According to some resources, Lugosi was quite the practical joker in real life. If that were the case, it would certainly account for the ecstatic gleam that is present inside Bela's hypnotic eyes throughout his scenes in Broadminded. He was not only doing something he loved doing, but it was well outside of the perimeters of what recorded history has defined as his own personal everyday comfort zone. And when you also take note of the fact that the ill-fated Mr. Lugosi shares a romantic interest on-screen in the guise of another doomed performer - the lovely Thelma Todd - it makes Broadminded all the more fascinating to watch. Why, with Ms.

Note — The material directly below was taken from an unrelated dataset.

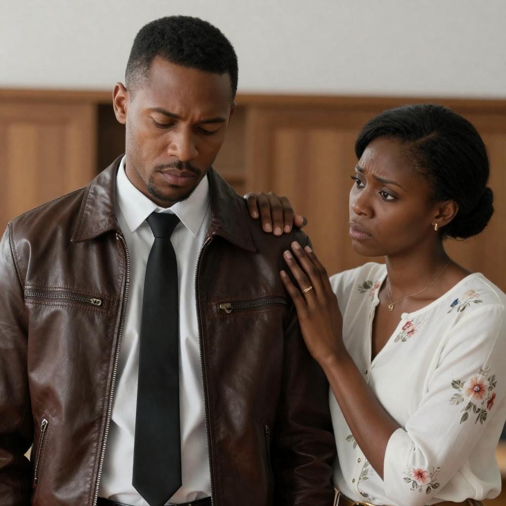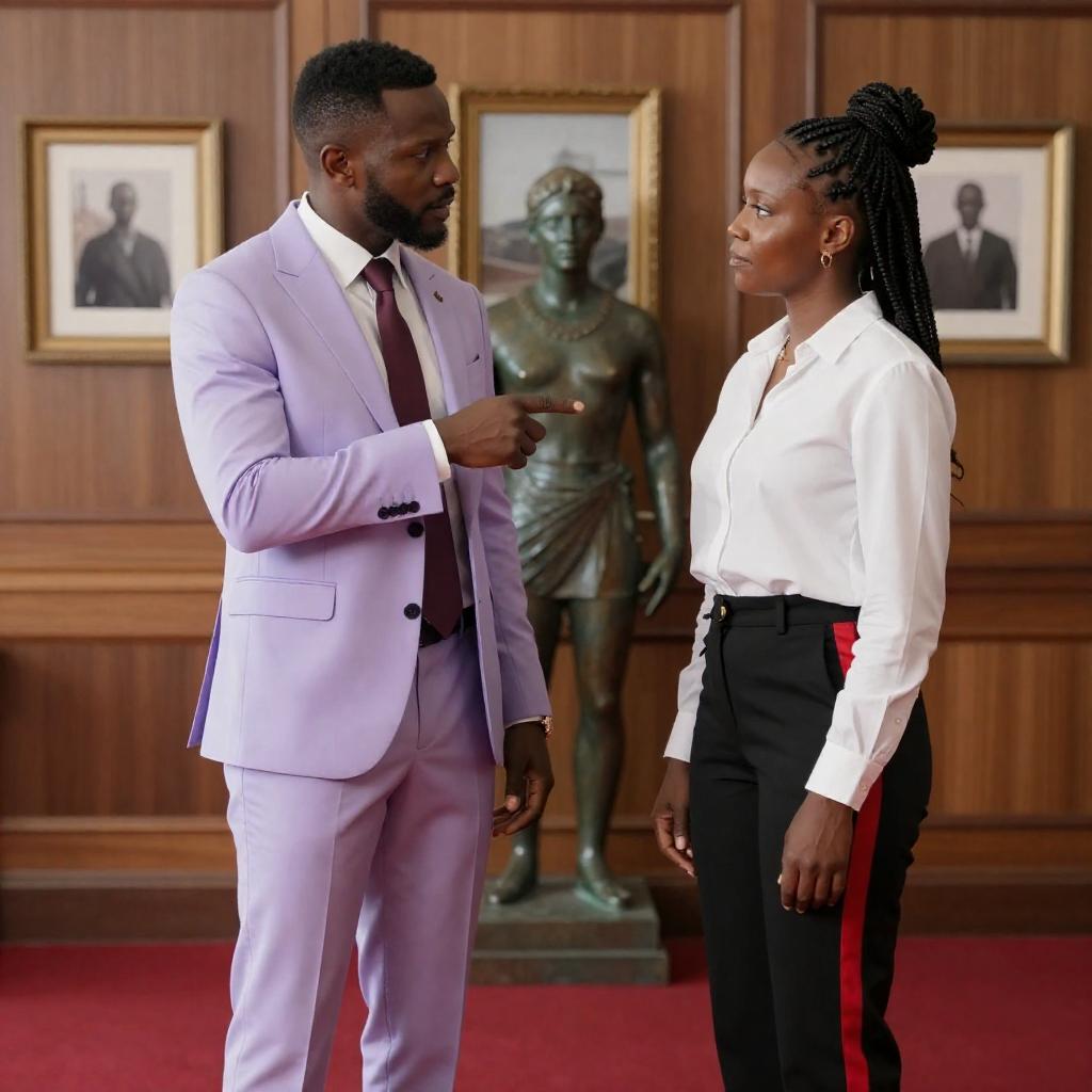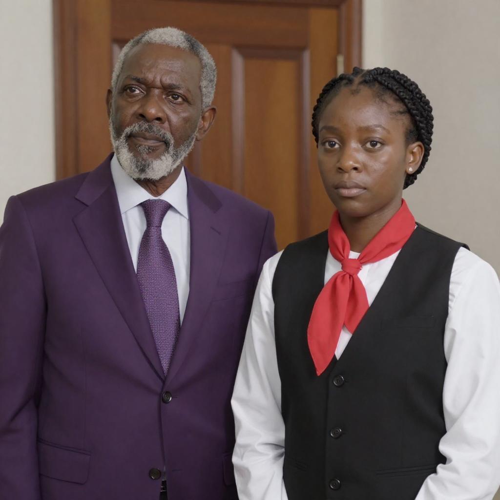 Photograph of two people standing indoors. An older Black man with a gray beard and mustache wears a purple suit with a white shirt and patterned tie. A younger Black woman with braided hair wears a white shirt, red scarf, and black vest. Wooden door in the background. The man looks to the left, the woman looks forward. Both have neutral facial expressions.

Todd as his gal, it almost escalates Lugosi to a previously unforeseen plateau of greatness, where he can now somehow share a view with Todd's regular comedic beaus: Laurel & Hardy and The Marx Brothers.
(I know that might be a bit odd for you to picture, but I think Bela might just have a nice fat cigar waiting for me somewhere someday for pointing that one out here.)
Oddly enough, the rest of Broadminded doesn't offer quite what you'd expect considering the writers - Bert Kalmar and Harry Ruby - were the very same songwriting/screenwriting talent behind four of The Marx Brothers' best films (note co-star Grayce Hampton portraying a decidedly Margaret Dumont-esque role - one that is sadly never fully realized here; perhaps a lot of rewriting/editing took place?). This certainly isn't one of star Joe E. Brown's best, that's for sure. Nevertheless, the "real" comic star of the film does his best to deliver a laugh - and whether he's being chased down the halls of a posh hotel in his underwear by a crazed Lugosi, uttering a snarky quip out of his large mouth, or wooing the ladies with outrageous stories about his encounter with a deadly gorilla, Brown is most definitely game throughout. Director Mervyn LeRoy later went on to helm Thirty Seconds Over Tokyo and the creepy cult classic The Bad Seed.
Interestingly, the film's two lead (blonde) actresses - One Munson (as Collier's love-interest) and the undeniably cute Marjorie White - would later unfortunate, abrupt ends along with co-star, Thelma Todd. In fact, it appears that Margaret Livingston - who plays Collier's bride-to-be in the beginning of the film - was the only young female lead spared of whatever curse the casting of Bela Lugosi as a comedic foil have inadvertently caused here, and lived to the reasonably ripe age of 84.
Wild theories about horror icons and comedy stars lounging it up in Heaven and bizarre speculations about curses aside, Broadminded deserves a nice long look by anyone who has ever taken an interest in Joe E. Brown, Bela Lugosi, Thelma Todd, or just doomed Hollywood starlets of the '30s in-general. The Warner Archive presents in its original theatrical aspect ratio of 1.37:1 with an as-clear-as-can-be-for-a-1931-Vitaphone-comedy mono soundtrack, and the image quality of the movie itself looks quite beautiful here. An original theatrical trailer - which, for some reason, makes no mention of co-star Lugosi whatsoever, despite his recent success in Dracula - is included as the MOD disc's sole (but nevertheless greatly appreciated) extra.